* WHAT TO DO *
Exact copy, no pictures: return only the lines below from the line with "Füßlinge mit farbigen" up to and including the line with "徐金慧《童心向党》鼓谱 - 架子鼓谱".

* EXTRACTED DATA *
# # #

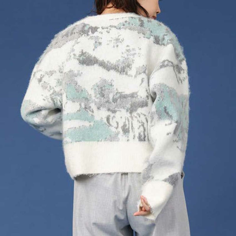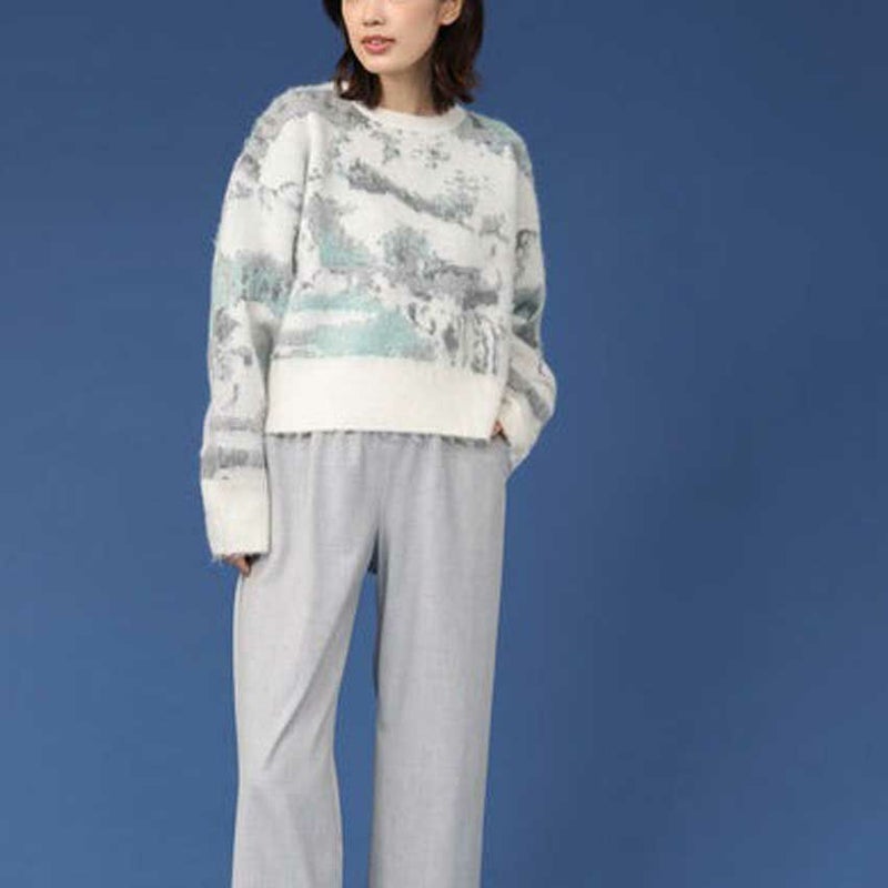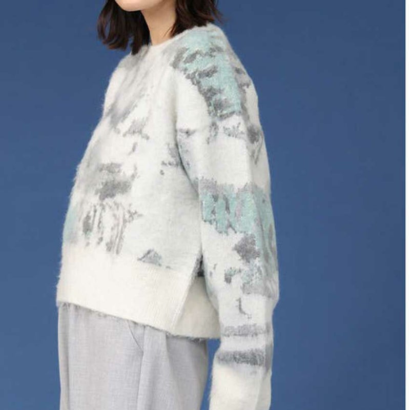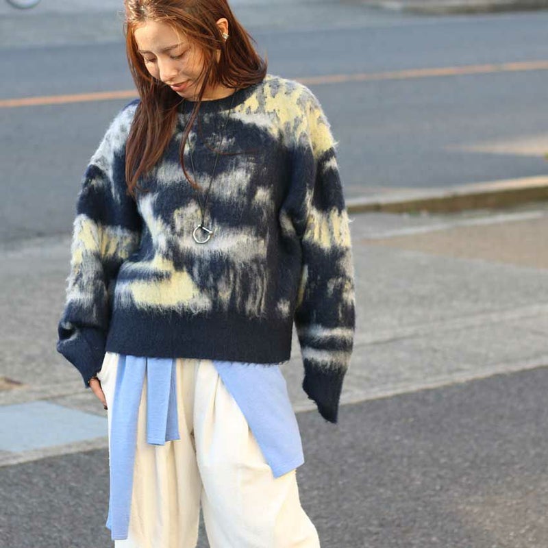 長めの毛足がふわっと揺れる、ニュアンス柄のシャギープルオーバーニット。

# # #

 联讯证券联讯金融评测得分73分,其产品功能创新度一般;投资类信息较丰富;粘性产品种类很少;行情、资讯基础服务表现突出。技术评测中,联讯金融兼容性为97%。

# # #

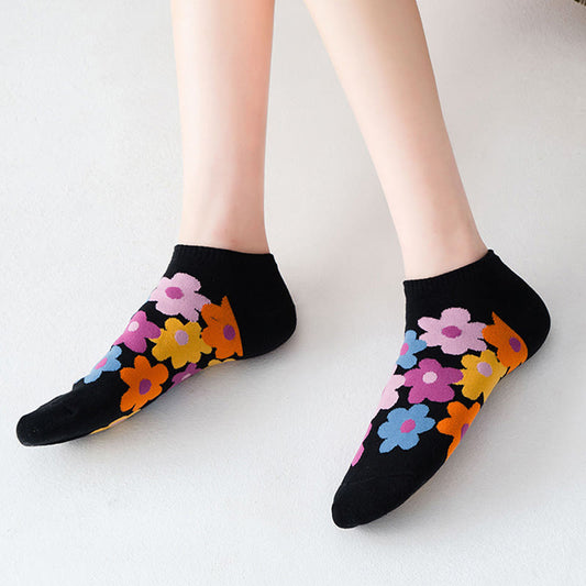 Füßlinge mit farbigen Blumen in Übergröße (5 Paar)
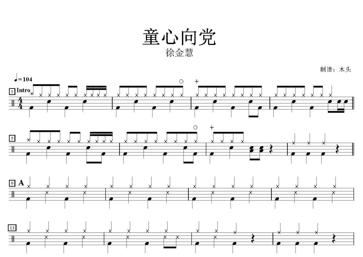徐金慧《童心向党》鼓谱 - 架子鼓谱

# # #

* WRITTEN SOLUTION *
 Füßlinge mit farbigen Blumen in Übergröße (5 Paar)
徐金慧《童心向党》鼓谱 - 架子鼓谱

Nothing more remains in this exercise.